User:Smalyshev (WMF)/User-Agent policy

This document describes the Wikidata Query Service policy with regard to the User-Agent header. It has been derived from WMF User-Agent policy. The capitalized terms in the policy have meanings as per RFC 2119.

Policy edit

Each client using the WDQS query endpoint MUST define a User-Agent header. Clients not having a User-Agent header MAY be denied access to the service. It is strongly RECOMMENDED that scripted clients use a descriptive User-Agent that would allow us to contact the script owner/runner if the script is misbehaving or causing issues.

Agent recommendations edit

If you are writing a bot or script to access the WDQS SPARQL endpoint, please include as part of the User-Agent:

  • A descriptive name for the tool that may not be confused with others.
  • Some information that would allow us to contact the developer or immediate controller of the tool (Wiki username, web page, Wiki project talk page, email, etc.).
  • Do NOT spoof browser UA strings; this is not helping anyone and creates a mess on both operational and analytic levels.
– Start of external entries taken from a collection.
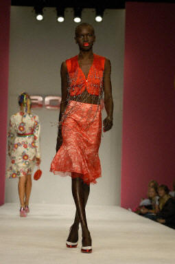 9月22日在倫敦時(shí)裝周上,模特現(xiàn)場(chǎng)展示了2004春夏最新流行服飾。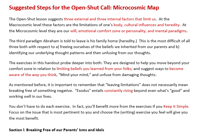 - 5 Suggested Steps: Abraham’s Journey, Thought Idols, Going Out of My Mind, Unfuse From Your Thoughts, Extending the Poems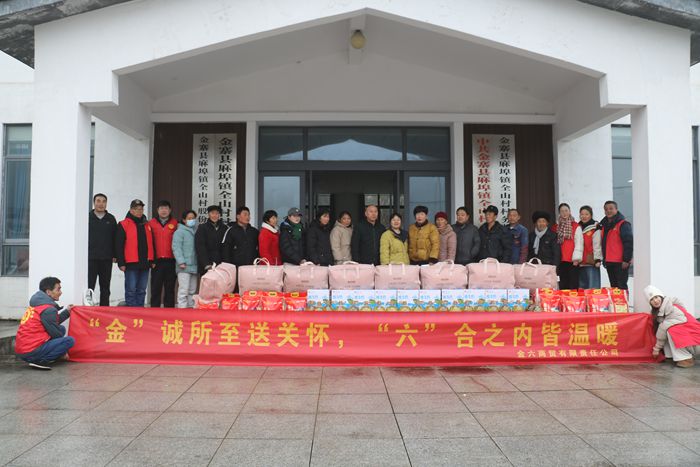 1月31日上午,金寨县金六商贸有限责任公司总经理舒先陆一行奔赴麻埠镇全山村,为这里的20户困难家庭捐赠棉被20床、大米20袋,食用油20桶以及光明牛奶20箱。春雨公益协会提供后勤保障等志愿服务。
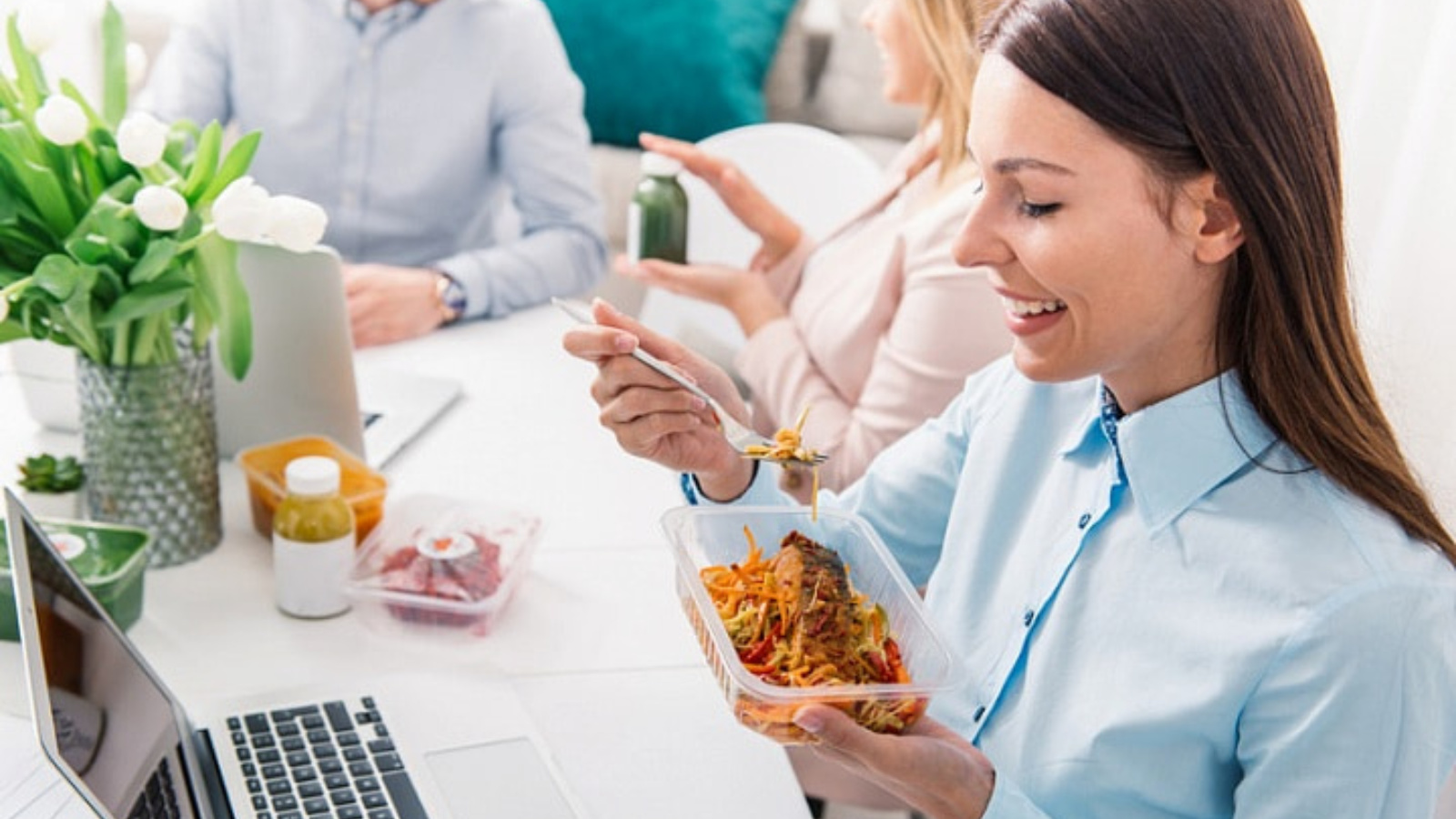 Бич нашего времени для многих работающих людей – не успеваем полноценно пообедать. Поэтому самое главное, чтобы рацион в течение дня был достаточно калорийным. В целом желательно есть не реже, чем через 4 часа, но если на работе нет столовой, а перекусить необходимо, то перекус должен быть здоровым. Это, конечно, не пирожные с тортиками и бутерброды.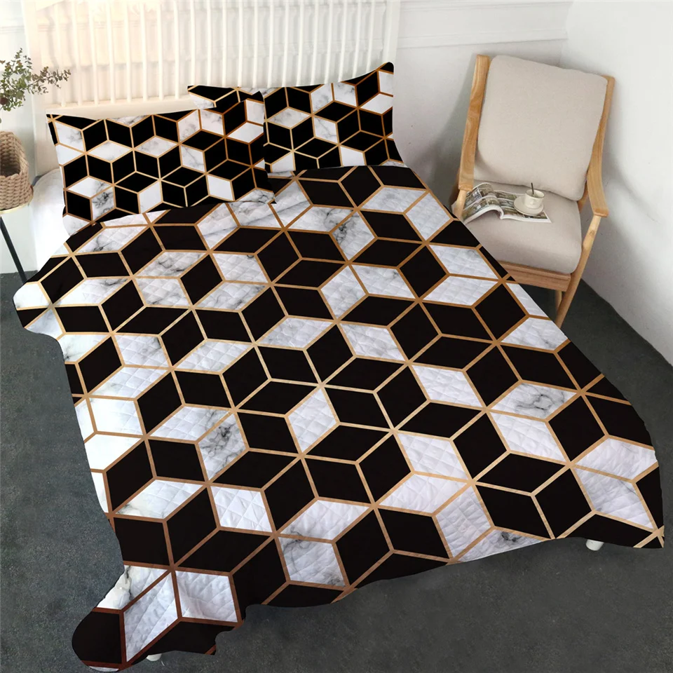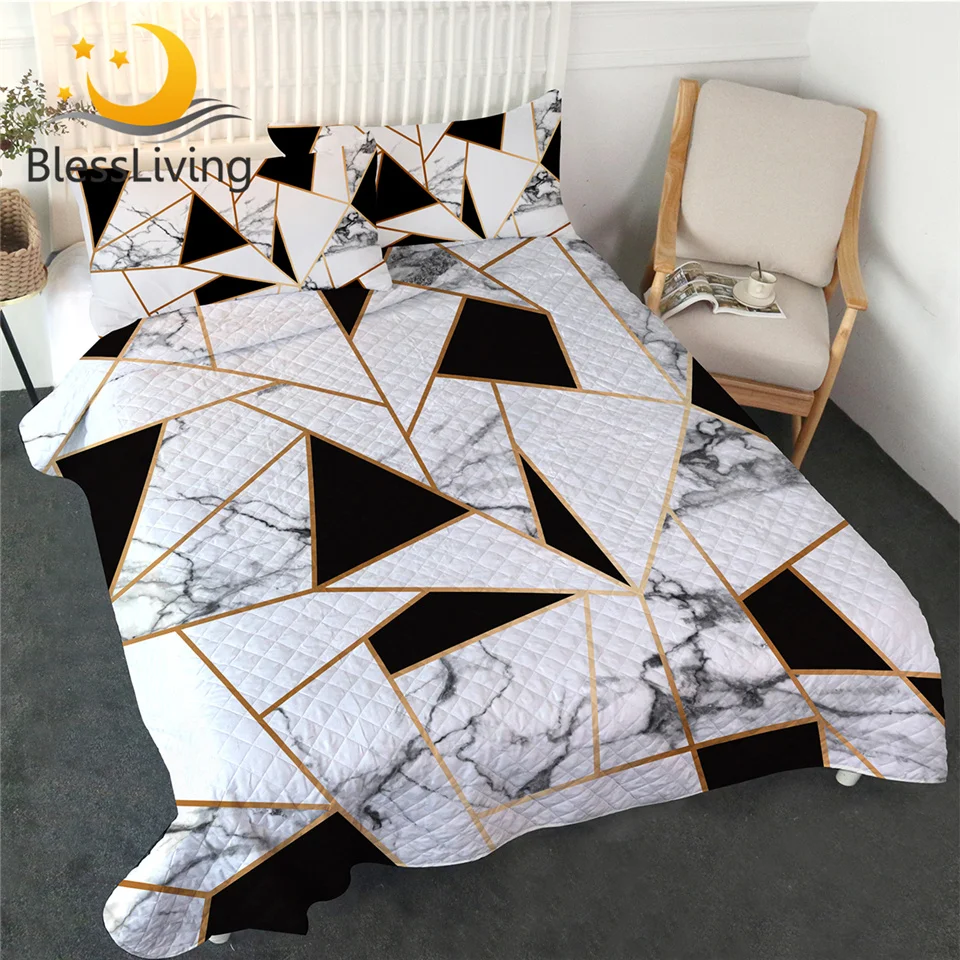 Геометрический комплект одеял, черно-белый комплект одеял с подушкой, Мраморная текстура, стильное постельное белье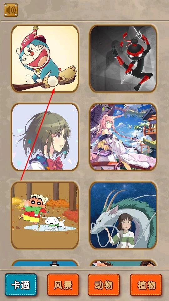 1. 点击“开始游戏”按钮进入,在卡通分类中挑选诸如哆啦A梦之类的图案,开启马赛克擦拭挑战。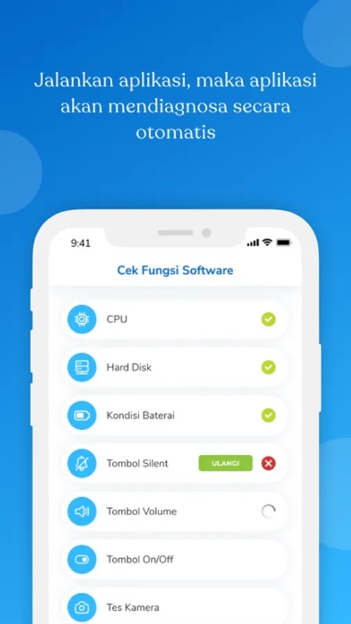 • Klik Mulai dan aplikasi akan memulai proses diagnosa secara otomatis, ikuti tahap yang ada dalam aplikasi hingga muncul harga (valuasi) smartphone kamu.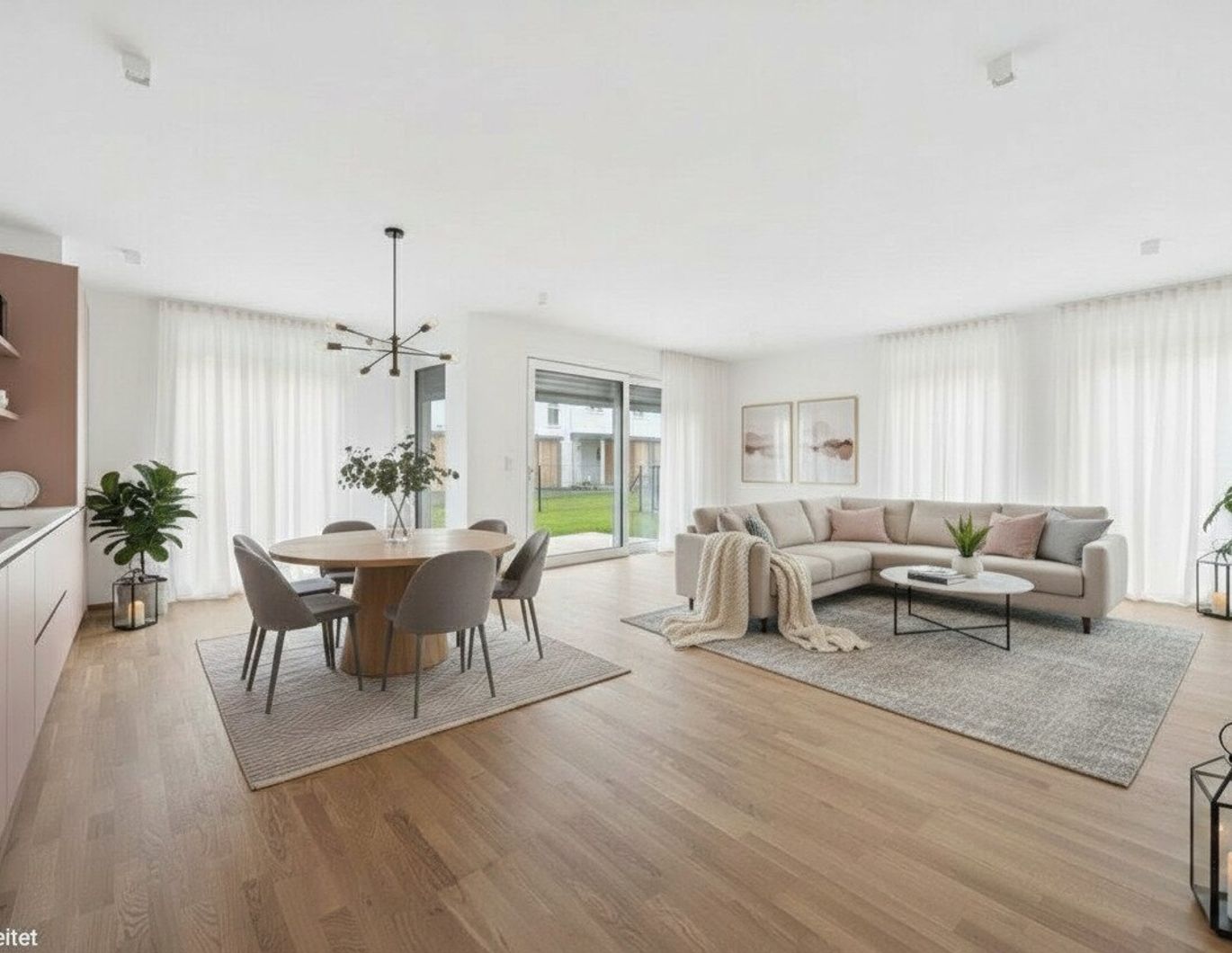 Offene Wohnküche mit Kochnische (ca. 40 m²) mit Zugang zur Loggia sowie zum Garten

Examples of suitable UA names:

User-Agent: CoolToolName/1.1 (https://example.org/CoolTool/; CoolTool@example.org)
User-Agent: SparqlBot/3.14 (by User:BotMaker); runner: User:ILoveBots

You can use any format and any names as long as it is distinctive (not likely to be confused with other tools) and identifies the point of contact in some way.

If you are writing a library/toolkit for accessing the WDQS SPARQL endpoint, please consider allowing the end user to customize the User-Agent string that is being sent to the endpoint, and encourage them to set it to a descriptive name in your documentation.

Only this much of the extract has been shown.